School Mid-Day Meal Low on Protein, Quality: Docs, NGO

More than a decade after Karnataka introduced a mid-day meal scheme for schoolchildren, the quality and nutritional value of the food remains a concern.

Published: 10th February 2014 08:20 AM  |   Last Updated: 10th February 2014 08:20 AM   |  A+A-

More than a decade after Karnataka introduced a mid-day meal scheme for schoolchildren, the quality and nutritional value of the food remains a concern.

Doctors and nutritionists believe the bisi oota (hot meal) is “substandard” and grossly inadequate to meet the needs of growing children.

The scheme covers more than 61 lakh children in government and aided schools.

Schoolchildren eat rice, sambar, and vegetables from Monday to Thursday, bisibele bath on Friday and upma and sweet pongal on Saturday.

But the quantity is meagre and the quality questionable, according to Akhila Vasan of Jana Arogya Andolana (Karnataka), an NGO.

“The dal and ingredients used are substandard. The sambar is not prepared properly and it has hardly any vegetables,” she said.

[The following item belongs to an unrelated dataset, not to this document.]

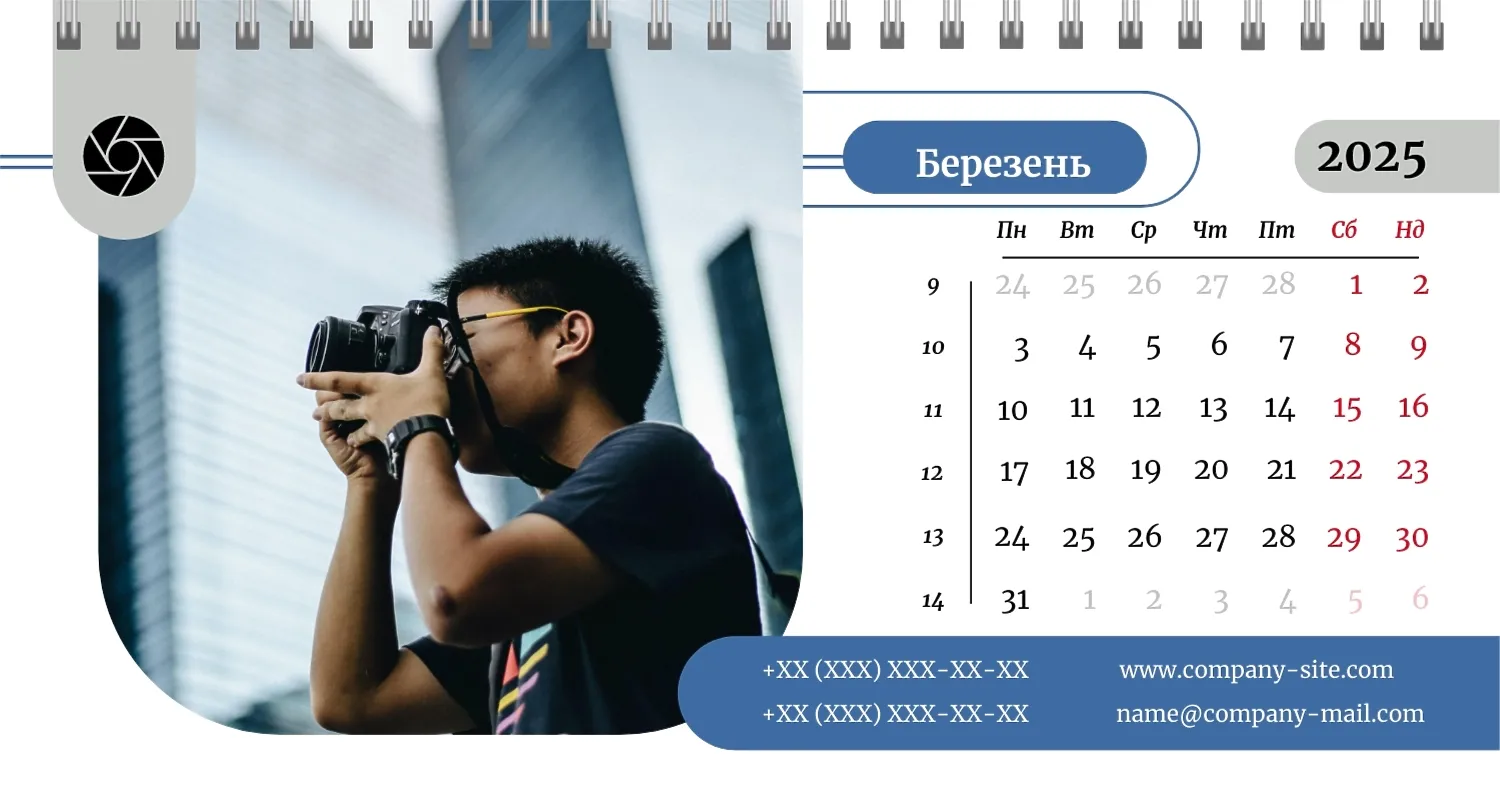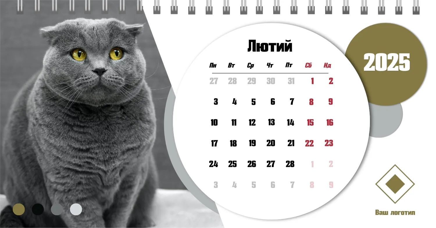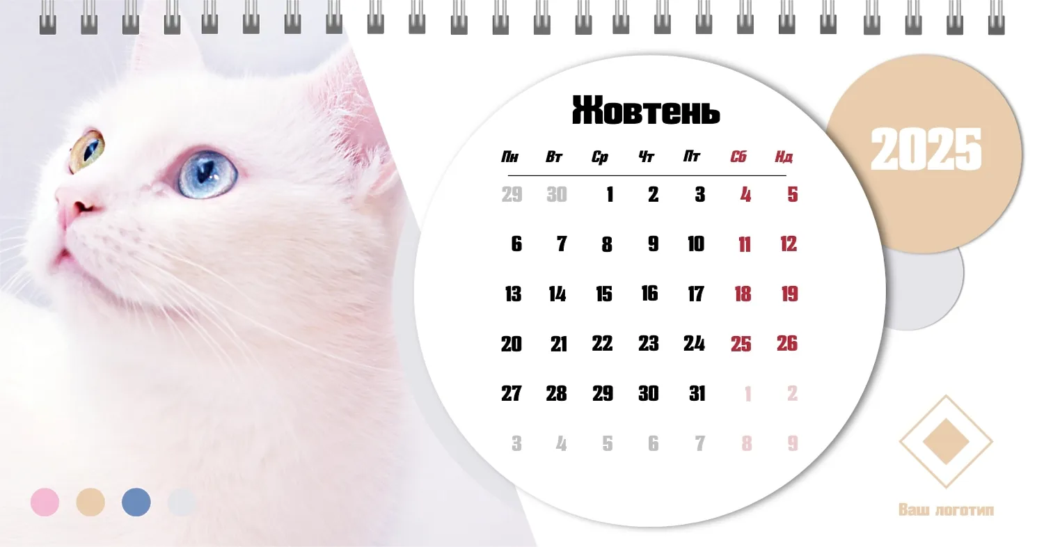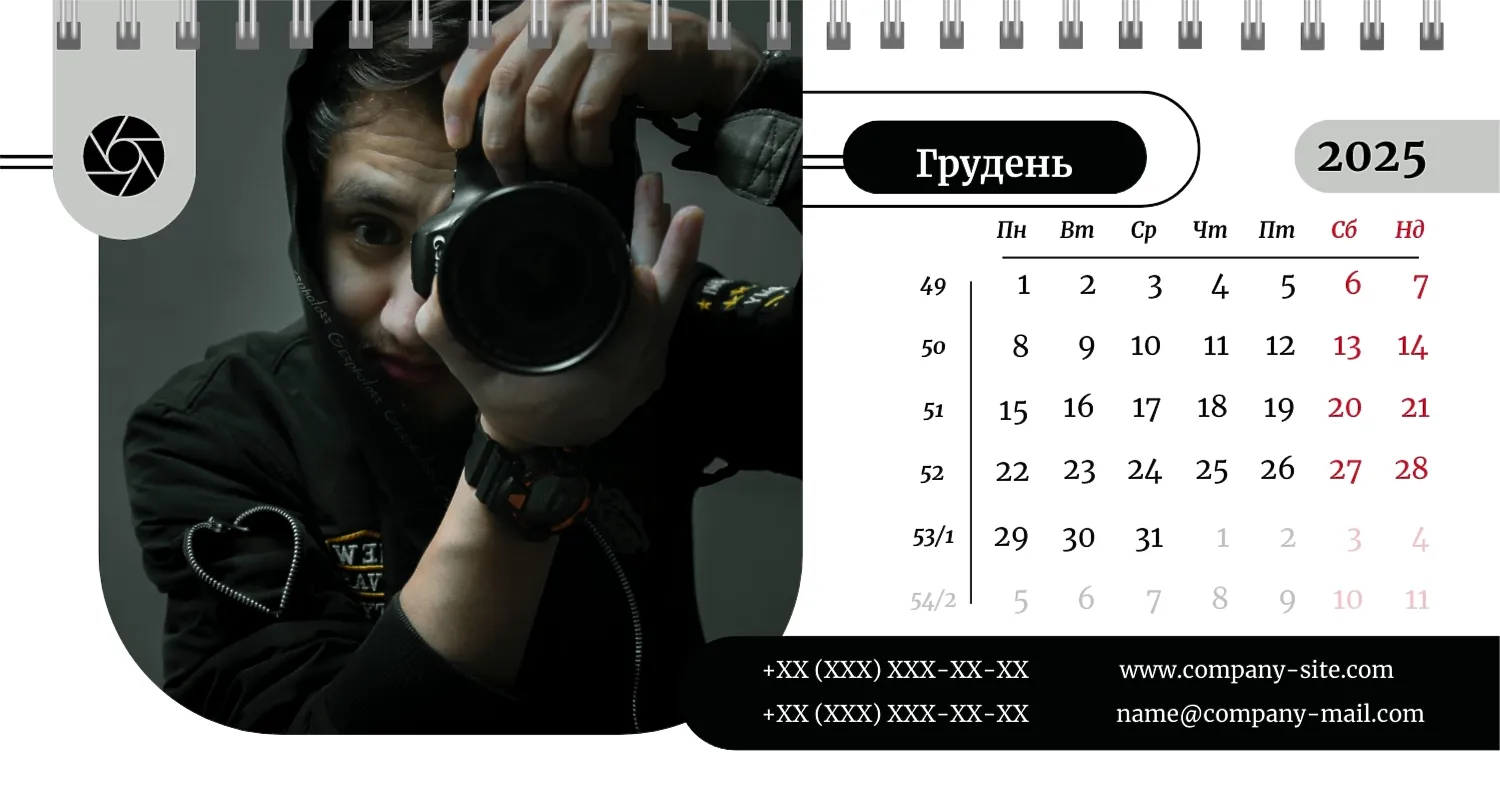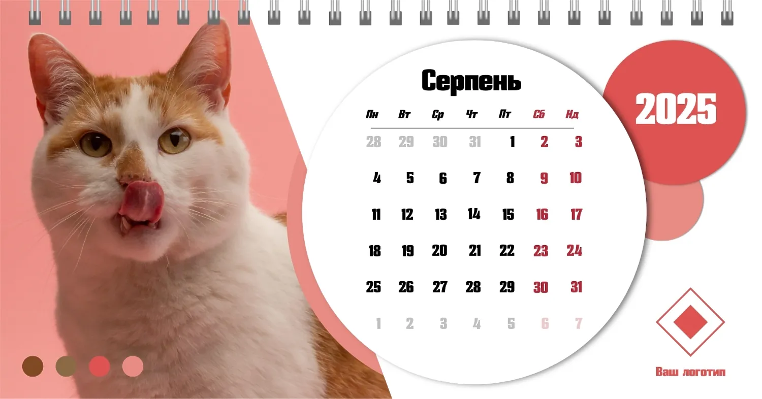 Готовий шаблон настільного горизонтального перекидного календаря з кіньми створений для тих, хто цінує природну гармонію, динаміку і символіку сили. На зображеннях представлені потужні і благородні тварини, які асоціюються зі свободою, прагненням вперед і внутрішньою рівновагою. Такий календар прекрасно підійде для кінних клубів, ферм, ветеринарних центрів, зоомагазинів, а також для тренерів, інструкторів, фотографів і всіх, хто захоплений кінним спортом або просто любить коней. Він буде однаково доречний як в робочому кабінеті, так і в домашньому інтер'єрі, створюючи атмосферу спокою і натхнення. У нашому онлайн-конструкторі цей шаблон можна легко адаптувати під особисті переваги. Ви можете замінити фотографії на свої власні знімки коней, додати логотип клубу або господарства, змінити шрифти, кольори і розстановку елементів. Є можливість підписати місяці, виділити важливі дати, відзначити змагання, тренування, дні народження та інші події. Будь-який елемент календаря – від фону до дрібних деталей-піддається редагуванню, що дозволяє створити дійсно персоналізований варіант. Онлайн-конструктор працює максимально зручно і просто: всі зміни відображаються відразу, можна експериментувати з композиціями, пробувати різні стилі і зберігати кілька варіантів.

Akshaya Patra Foundation, which prepares and supplies mid-day meals to most government schools in Bangalore, has encountered quality problems with the rice procured from Food Corporation of India godowns.

“According to the guidelines of the Ministry of Human Resource Development, each child should get 150 grams of rice. But given the poor quality, they end up eating only about 90 grams. FCI rice is not always good,” said C V Thirumala Rao, consultant, Akshaya Patra Foundation, and a retired joint director of the state education department. A recent research paper brought out by Azim Premji University (APU) recommends a relook at the meal quality. 

“Revamp the quality of mid-day meals by relooking at the nutrient intake from the perspective of Recommended Dietary Allowance (as given by the Indian Council of Medical Research) as well as region-wise food availability,” the paper states.

Nutrition and Health

Under the mid-day meal scheme, schoolchildren between six and 10 years receive 490 calories and those between 11 and 15 get 720 calories, said Dr Jagadish Chinnappa, consultant paediatrician, Manipal Hospitals. “The quantity is enough only if they eat breakfast, snacks and dinner in addition.” That doesn’t happen. “Unfortunately, some parents think that since the kids eat at school, they don’t need more food at home. The mid-day meal cannot completely replace food given to kids at home,” said Dr T N Sathyanarayana, associate professor, Public Health Foundation of India and former surveillance officer with the World Health Organisation.  He said kids need more protein and a more balanced diet. “Children, especially adolescent girls, are the most vulnerable. Instead of aiming at only 490 calories, the government should supplement the meal with fruits.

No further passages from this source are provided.